Целую неделю весь батальон работал на 160 километровом маршруте выхода батальона в боевые районы, оборудуя 18 проходов через трудно проходимые места. Так-как автомобильного транспорта из полка мне не выделили, я самовольно разгрузил загружённые боеприпасами батальонные Уралы на артскладах и накрыл штабеля брезентом. Взял с собой на маршрут тяжёлый тягач «Луку» и два учебно боевых танка. Работы было много Приморская погода потрудилась на славу, и нам пришлось попотеть. Зато мне понравилось, что командиру полка пришлось для ознакомления проехаться по всем маршрутам и увидеть их плачевное состояние. Прибыв на мой маршрут и, увидев объём работ и уже сделанную работу, он покачал головой и не преминув спросить:
— А почему у вас здесь, товарищ майор, работают строевые Уралы?
— Товарищ полковник, мои Уралы работают здесь потому, что от полка, я не получил ни одного автомобиля, а объём работ вы видите сами, поэтому, я решил под свою ответственность разгрузить с них на складе боеприпасы и использовать здесь для решения вопроса боевой готовности!
— В таких случаях надо брать разрешение! — сказал командир.
— А для чего! — спросил я и тут же ответил:
— Чтобы переложить ответственность на своего начальника?

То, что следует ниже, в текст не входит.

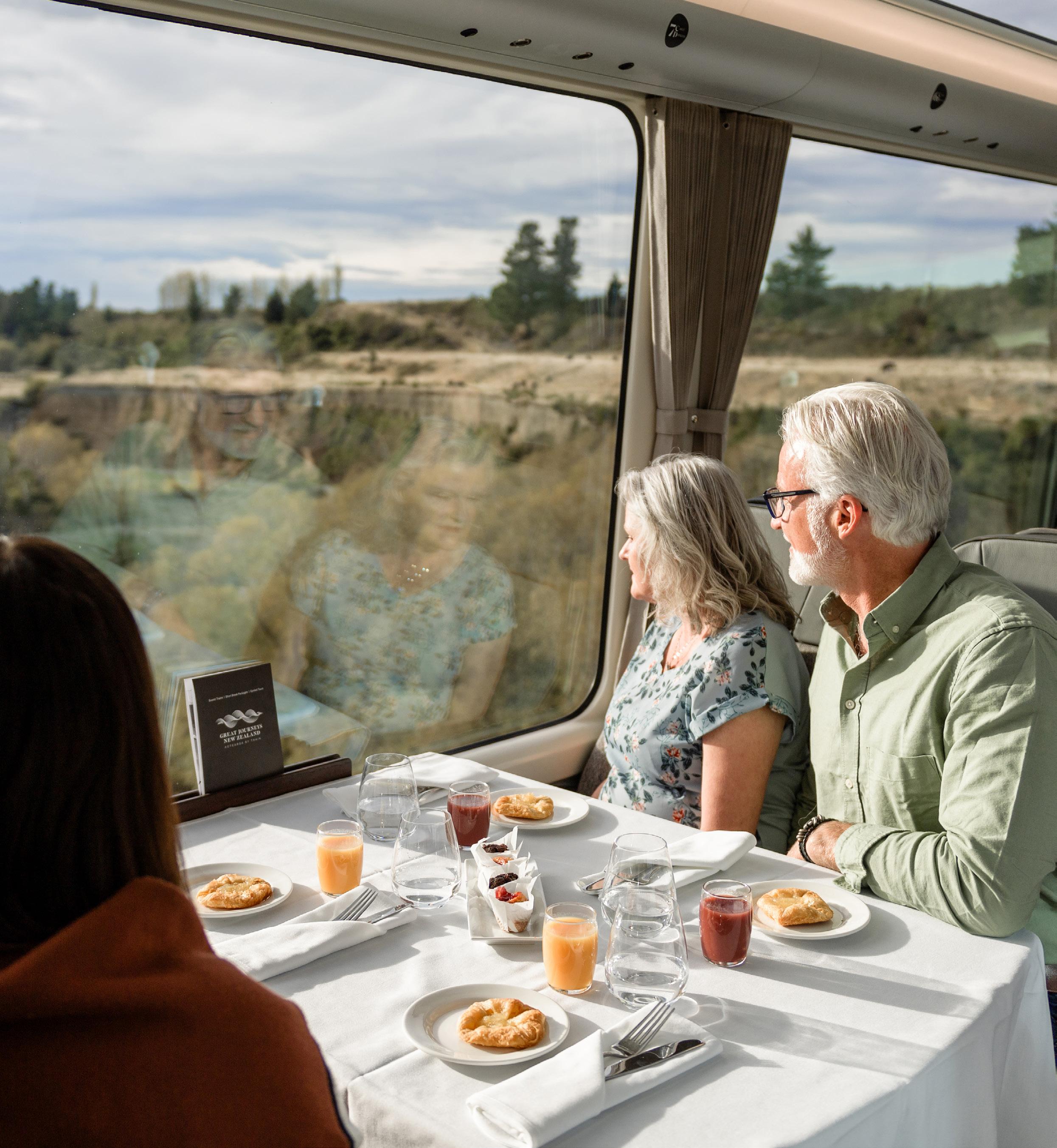 Step aboard our exclusive, purpose-built Scenic Plus carriage — a premium experience available on the Northern Explorer, Coastal Pacific, and TranzAlpine journeys. Enjoy engaging storytelling by our knowledgeable onboard hosts and a paddock-to-plate menu served directly to your seat.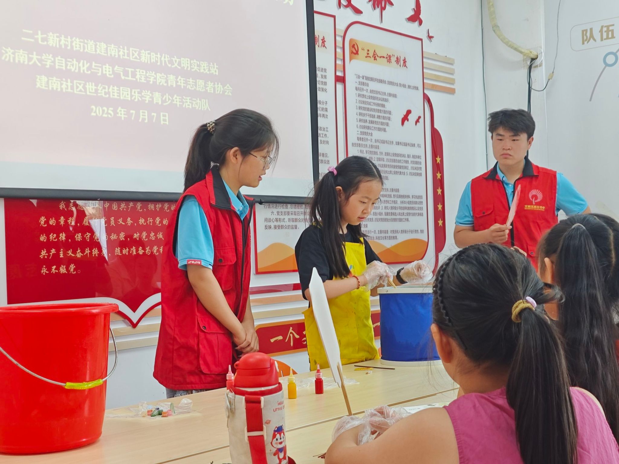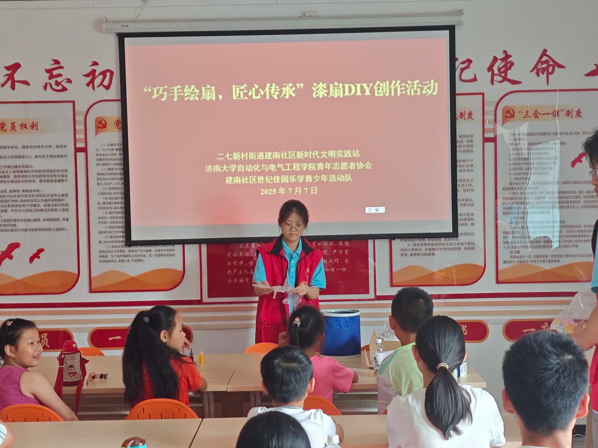 青年志愿者协会联合二七新村街道建南社区新时代文明实践站、建南社区世纪佳园乐学青少年活动队,共同开展了“巧手绘扇,匠心传承”漆扇DIY暑期三下乡社会实践活动,为社区的同学们带来了一场兼具知识性与趣味性的文化体验。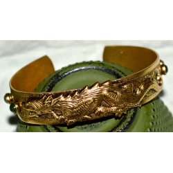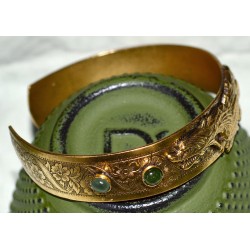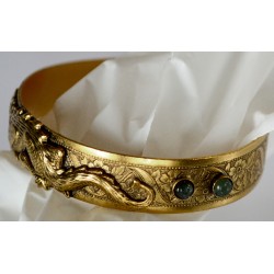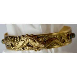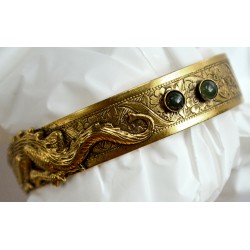 Antique Gold Narrow Dragon Collection Cuff - Nephrite Jade
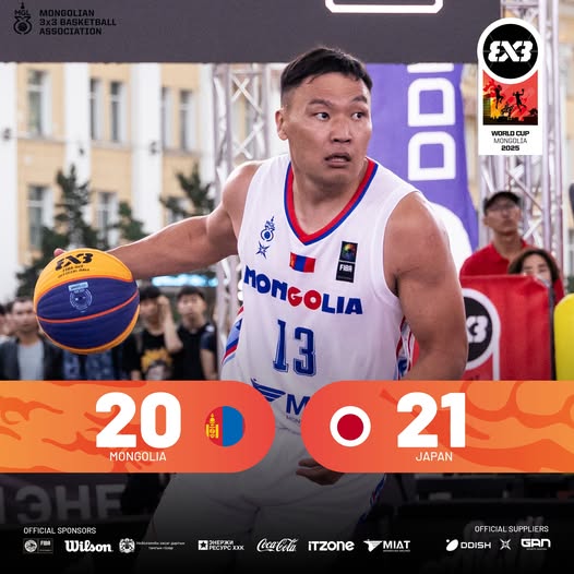 Сагсан бөмбөгийн “ФИБА 3х3” дэлхийн аварга шалгаруулах тэмцээний манай эрэгтэй багийн хэсгийн сүүлчийн тоглолтууд өчигдөр болов. Монгол Улсын эрэгтэй шигшээ баг нэг тоглогч дутуу байсан ч гайхалтай өрсөлдөөнийг Японы багийн эсрэг үзүүлж, 21:20-оор хожигдлоо. Хожлын дайтай хожигдол байлаа. Эцсээ хүртэл гурвуулаа тэмцэж чадлаа. Ийнхүү манай багийн хэсгийн сүүлийн хоёр тоглолт нь дууслаа. Манай эрэгтэй багийн ДАШТ-ий аялал энэ хүрээд өндөрлөж байна.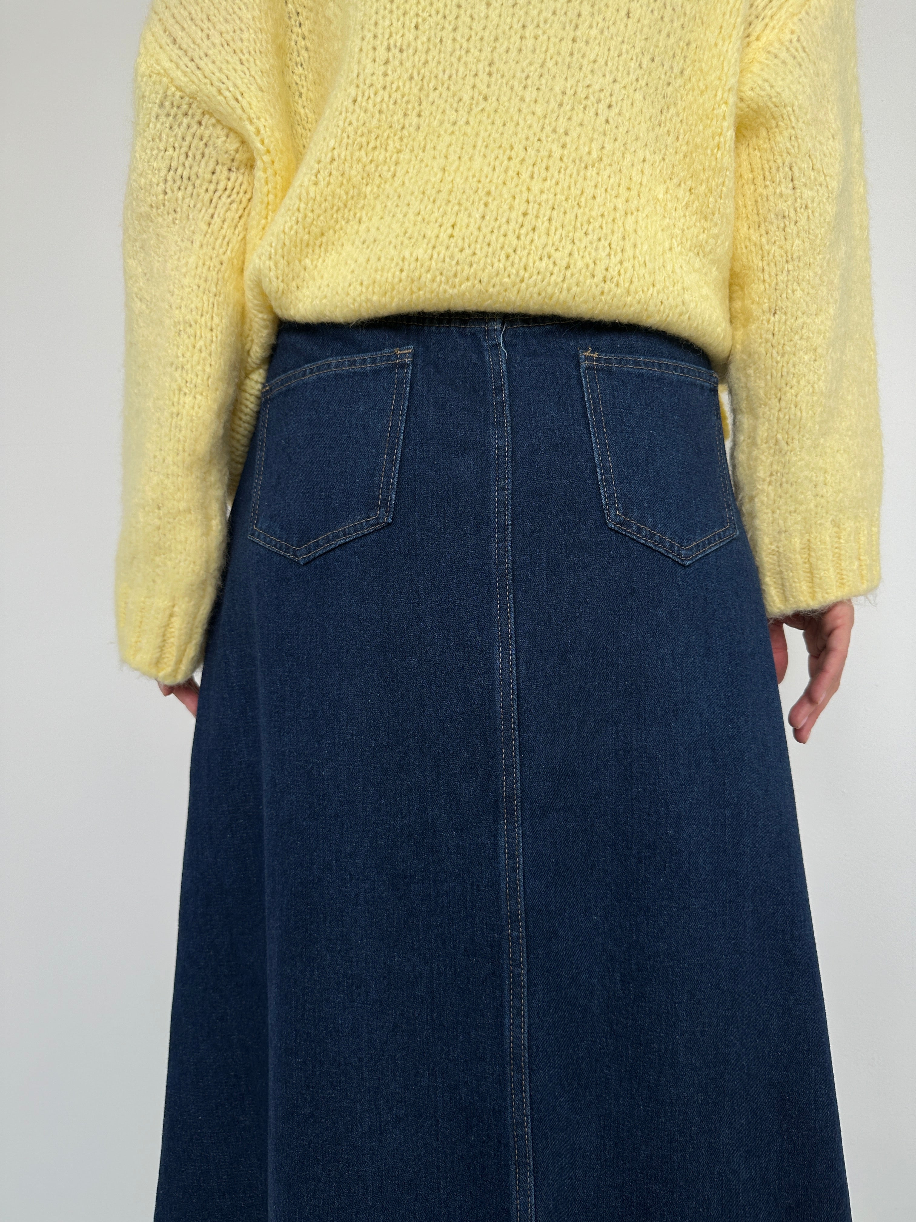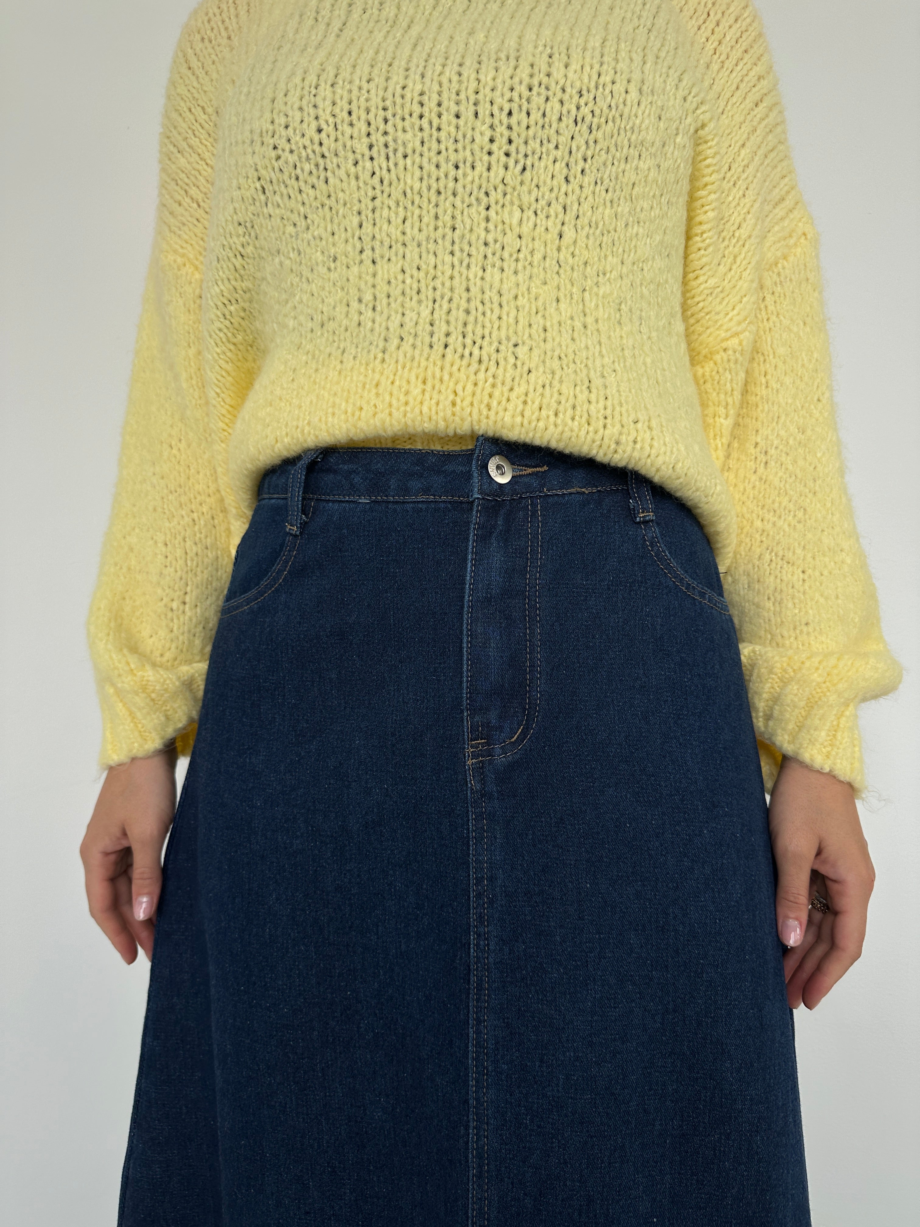 Cette jupe longue en jean allie confort et style, parfaite pour un look casual ou chic selon les accessoires.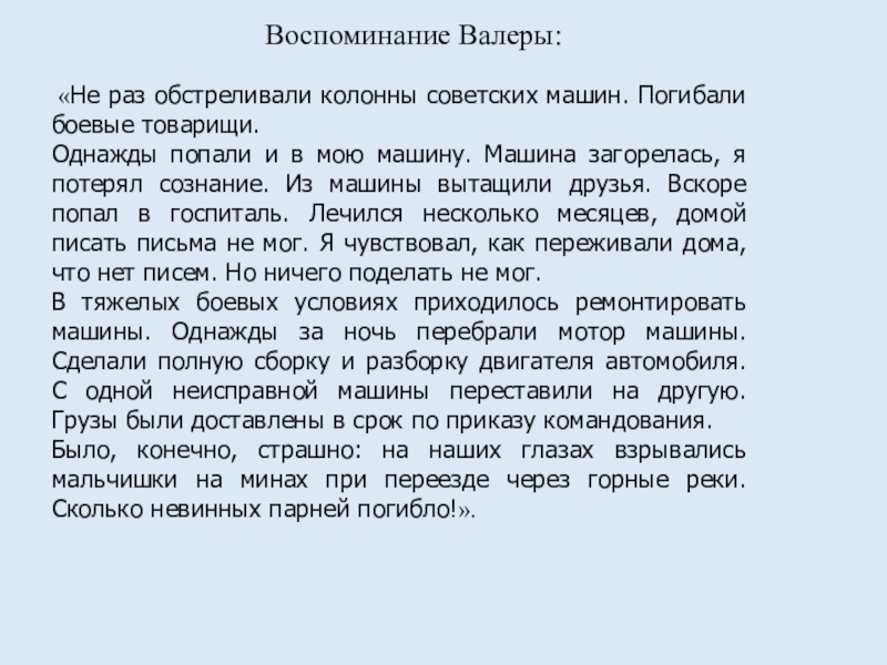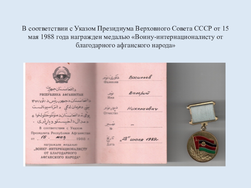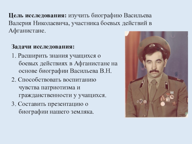 1. Расширить знания учащихся о боевых действиях в Афганистане на основе биографии Васильева В.Н.

— Так взыскание ты получишь в таком случае!
— Товарищ полковник, может и получу, но из опыта знаю «Победителей не судят!» — командир рассмеялся до хохота.
— А ты, что собираешься быть победителем на проверке?
— Собираюсь, товарищ полковник, если всё закончится только выходом в запасные или боевые районы!
— Дай Бог нашему телёнку волка скушать! — сказал командир и уехал.
ЧАСТЬ 10
РАЗБОР ДЕЙСТВИЙ ДИВИЗИИ И ПОЛКОВ
Работу мы закончили ночью в воскресенье, прибыли в расположение, загрузили боеприпасы на Уралы и перед утром отошли ко сну.
Ровно в 10 часов на дивизионном плацу приземлился вертолёт командующего Войсками Округа. В это же время колонны УАЗ вошли через КПП военных городков дивизии, здесь в Смоляниново, в Шкотово и Уссурийске с офицерами Управлений Округа, которые, не останавливаясь ни где, разъехались по паркам и стоянкам боевых машин, в том числе и на учебных объектах. При встрече командующего командиром дивизии посмотрел на свои часы и сказал комдиву:
— Товарищ генерал, дивизии объявляю тревогу ограничения на местах получат командиры частей и подразделений от моих офицеров!
Всё закрутилось. Оглядываться на других было некогда и, я вывел свой батальон, как мне предписали посредники в запасной район, и уже в районе по требованию старшего посредника выделил начальника штаба батальона зампотеха роты тягач «Луку» и танковый взвод в составе четырёх учебно боевых танков и одного бензовоза ЗИЛ-151 для прохождения маршрута в район боевого предназначения. В запасном районе, мы пробыли недолго, к семнадцати часам нас вернули в пункт постоянной дислокации и приказали ставить танки на хранение.
Связь с убывшим начальником штаба в связи с тем, что он ушёл далеко за пределы возможной дальности связи танковой радиостанции прервалась и оставалось только гадать, как там идут дела.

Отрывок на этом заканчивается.